XXX, in my opinion, other factors beside hook type may matter more. They would be:
- Bait/hook size
- Active fishing techniques vs fork stick
- Setting the hook on the initial take vs "letting them take it"
- size and type of trout

There are multiple reasons I have went back to using more J-hooks again. They include costs (Gami Octopus Circles go about $3.00/10 right now), old habits of setting the hook (a no-no with circles), and the fact that the vast (>95%) of all fish hooked while steelheading in streams are mouth hooked, regardless of hook type.


----------



## Boozer (Sep 5, 2010)

Yeah, definitely agree on the pier skammies and the fact no need for circles when float fishing.

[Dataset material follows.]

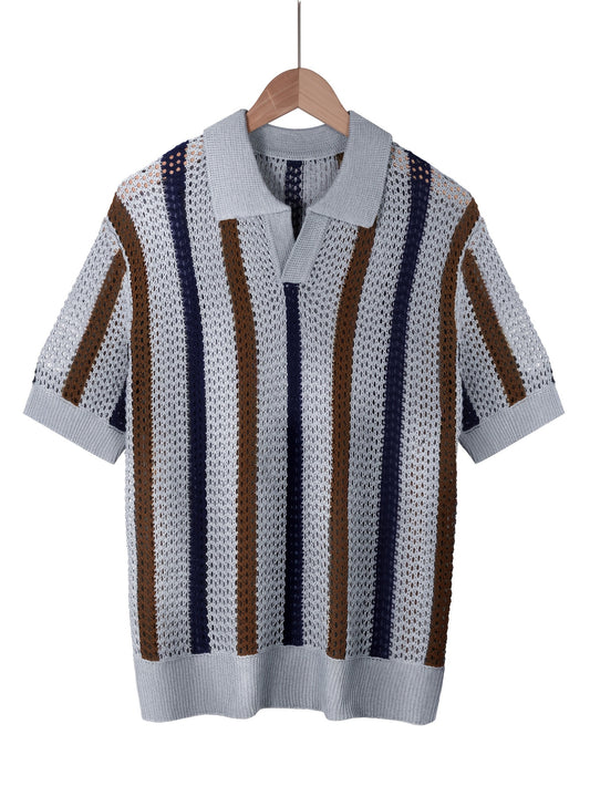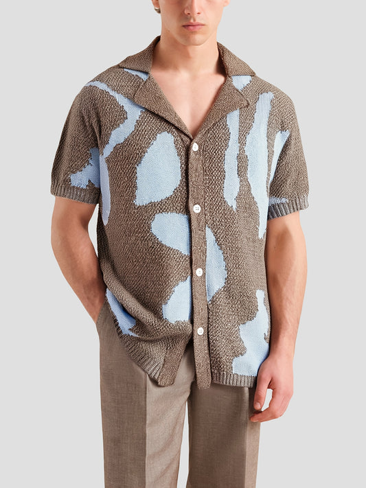 Men's Crochet Brown Floral Knit Casual Loose Fit Short Sleeve Knitted Shirt

I was also thinking that perhaps just going to a larger hook when walking skein may be a better option than trying circle hooks to avoid fish swallowing it.

I also thought, perhaps if you only walked skein in the Winter months when fish are less active and tend to not inhale baits quite so much, may be a good solution right there.

If you like to keep what you catch, no reason to worry, but I have no desire to keep most of the fish I catch.


----------



## southshore (Oct 27, 2008)

I have minimal experience with circle hooks for steelhead, only tried them for a couple weeks pier fishing for skams and had similar results, missed a few gut hooked a few had it work right on a few. I dont think they would work very good for walking spawn because the fish are usually opening their mouth and inhaling the bait and not really moving away with it which, from my saltwate experience, is what seem to be what makes them engage. 

As to not gut hooking fish when walking spawn, my suggestion is to tie some two hook mooching rigs, and cut the rear hook at the bend. Bait the rear shank and you should have a bait with the hook just out in front, like a hair rig for carp. I have used the opposite rig, cutting and baiting the front hook trailing the hook behind, for light biting kings on single hook rivers in AK. I know its a bit more expensive, but the back shank can be any cheap hook you have laying around since its only to hold the bait.


----------



## Boozer (Sep 5, 2010)

My thoughts were that by using the circles you could just let them eat it and once they felt the line, they would move and set the hook themselves, then I began to think, if you let them eat it that long, will likely just be in their gut every single time...

So I will probably just stick with the Owner SSW hooks I have always used...

I may try that double hook rig too, thank you for the suggestion, much appreciated!


----------



## TrekJeff (Sep 7, 2007)

As mentioned before, it's the shift from setting the hook, to feeling the "tug" I started using these on live bait rigs for walleye. It was a learner curve. Once I got the "feel" of it, they are just as effective as a J hook. I ran thes on harnesses I tied, so they all were snelled...come to think about it I don't think I've fished a circle that wasn't snelled.

I now use them on everything that I rig live bait on...sure there are some exceptions, like pan fish, but tip ups, catfish, walleye etc. I've had great results and less mortality of sub legal fish...which is my biggest concern.


----------



## aslongasitpullsback (Dec 30, 2005)

to get the effectiveness out of a circle hook it must be snelled... you never set the hook .... you just wind the reel tight to the fish and play him out... this system works tired and true...
I have hooked small fresh water fish all the way to large sharks in the Keys... with circle hooks.... they are defiantly a bait hook....


----------